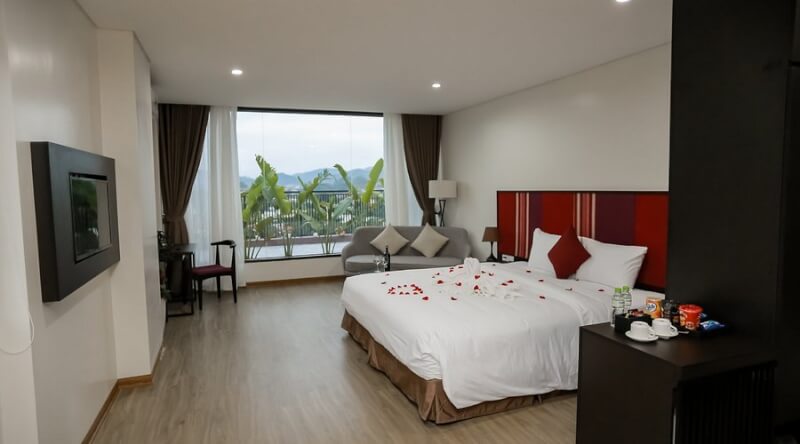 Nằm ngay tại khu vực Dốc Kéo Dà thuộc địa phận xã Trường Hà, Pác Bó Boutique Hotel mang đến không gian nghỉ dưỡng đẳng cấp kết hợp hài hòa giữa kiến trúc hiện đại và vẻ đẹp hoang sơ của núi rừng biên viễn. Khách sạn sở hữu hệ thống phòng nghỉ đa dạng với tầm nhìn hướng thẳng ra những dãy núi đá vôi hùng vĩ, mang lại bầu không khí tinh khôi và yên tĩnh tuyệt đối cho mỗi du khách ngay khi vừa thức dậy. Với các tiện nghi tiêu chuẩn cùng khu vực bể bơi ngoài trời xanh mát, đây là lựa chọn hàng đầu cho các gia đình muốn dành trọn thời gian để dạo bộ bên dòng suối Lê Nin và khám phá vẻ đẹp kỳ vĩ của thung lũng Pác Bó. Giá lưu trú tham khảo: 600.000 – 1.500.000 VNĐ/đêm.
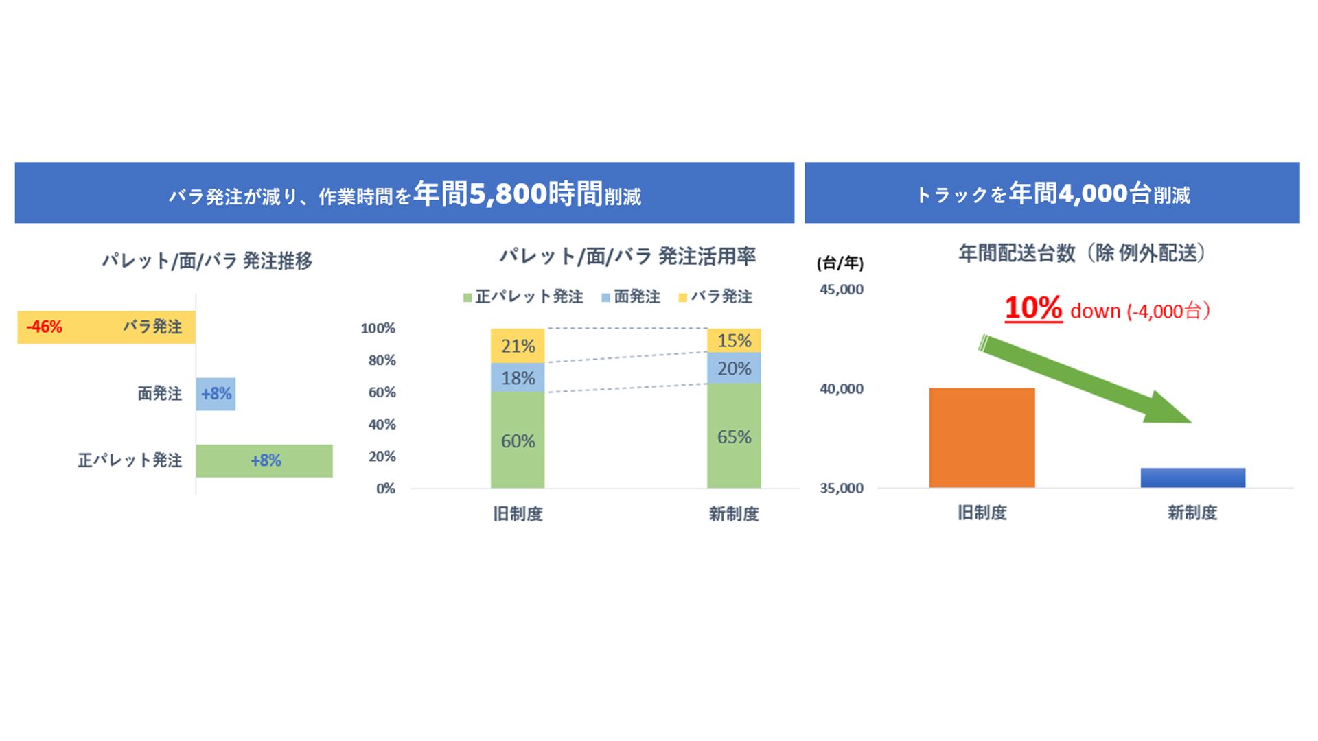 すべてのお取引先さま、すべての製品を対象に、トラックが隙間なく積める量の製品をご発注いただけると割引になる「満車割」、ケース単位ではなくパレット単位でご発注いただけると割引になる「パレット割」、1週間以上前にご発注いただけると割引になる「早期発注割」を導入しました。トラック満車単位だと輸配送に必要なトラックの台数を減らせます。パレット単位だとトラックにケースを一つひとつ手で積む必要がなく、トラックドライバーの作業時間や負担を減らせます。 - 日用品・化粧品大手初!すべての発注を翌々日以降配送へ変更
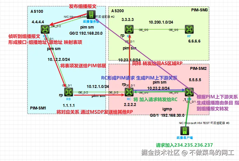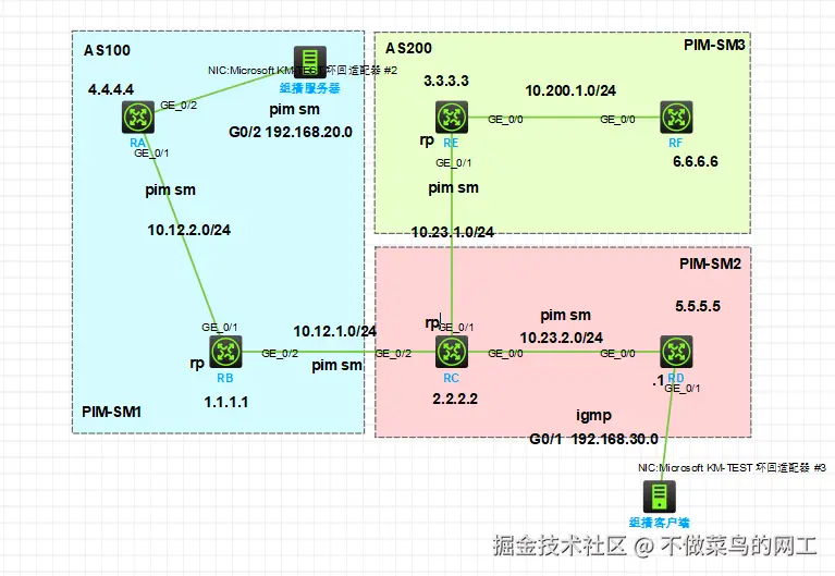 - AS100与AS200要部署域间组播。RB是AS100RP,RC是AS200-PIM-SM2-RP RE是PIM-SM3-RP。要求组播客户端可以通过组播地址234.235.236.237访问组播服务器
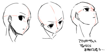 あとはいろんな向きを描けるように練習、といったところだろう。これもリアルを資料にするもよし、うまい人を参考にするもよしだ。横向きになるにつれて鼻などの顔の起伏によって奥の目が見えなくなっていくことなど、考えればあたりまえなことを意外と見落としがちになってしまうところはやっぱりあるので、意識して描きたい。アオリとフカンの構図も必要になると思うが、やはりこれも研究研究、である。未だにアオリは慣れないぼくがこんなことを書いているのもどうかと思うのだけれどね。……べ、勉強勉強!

Activity – Could you write out the whole listing exactly, dropping the pictures?

Expected answer –
 Nằm ngay tại khu vực Dốc Kéo Dà thuộc địa phận xã Trường Hà, Pác Bó Boutique Hotel mang đến không gian nghỉ dưỡng đẳng cấp kết hợp hài hòa giữa kiến trúc hiện đại và vẻ đẹp hoang sơ của núi rừng biên viễn. Khách sạn sở hữu hệ thống phòng nghỉ đa dạng với tầm nhìn hướng thẳng ra những dãy núi đá vôi hùng vĩ, mang lại bầu không khí tinh khôi và yên tĩnh tuyệt đối cho mỗi du khách ngay khi vừa thức dậy. Với các tiện nghi tiêu chuẩn cùng khu vực bể bơi ngoài trời xanh mát, đây là lựa chọn hàng đầu cho các gia đình muốn dành trọn thời gian để dạo bộ bên dòng suối Lê Nin và khám phá vẻ đẹp kỳ vĩ của thung lũng Pác Bó. Giá lưu trú tham khảo: 600.000 – 1.500.000 VNĐ/đêm.
 すべてのお取引先さま、すべての製品を対象に、トラックが隙間なく積める量の製品をご発注いただけると割引になる「満車割」、ケース単位ではなくパレット単位でご発注いただけると割引になる「パレット割」、1週間以上前にご発注いただけると割引になる「早期発注割」を導入しました。トラック満車単位だと輸配送に必要なトラックの台数を減らせます。パレット単位だとトラックにケースを一つひとつ手で積む必要がなく、トラックドライバーの作業時間や負担を減らせます。 - 日用品・化粧品大手初!すべての発注を翌々日以降配送へ変更
 - AS100与AS200要部署域间组播。RB是AS100RP,RC是AS200-PIM-SM2-RP RE是PIM-SM3-RP。要求组播客户端可以通过组播地址234.235.236.237访问组播服务器
 あとはいろんな向きを描けるように練習、といったところだろう。これもリアルを資料にするもよし、うまい人を参考にするもよしだ。横向きになるにつれて鼻などの顔の起伏によって奥の目が見えなくなっていくことなど、考えればあたりまえなことを意外と見落としがちになってしまうところはやっぱりあるので、意識して描きたい。アオリとフカンの構図も必要になると思うが、やはりこれも研究研究、である。未だにアオリは慣れないぼくがこんなことを書いているのもどうかと思うのだけれどね。……べ、勉強勉強!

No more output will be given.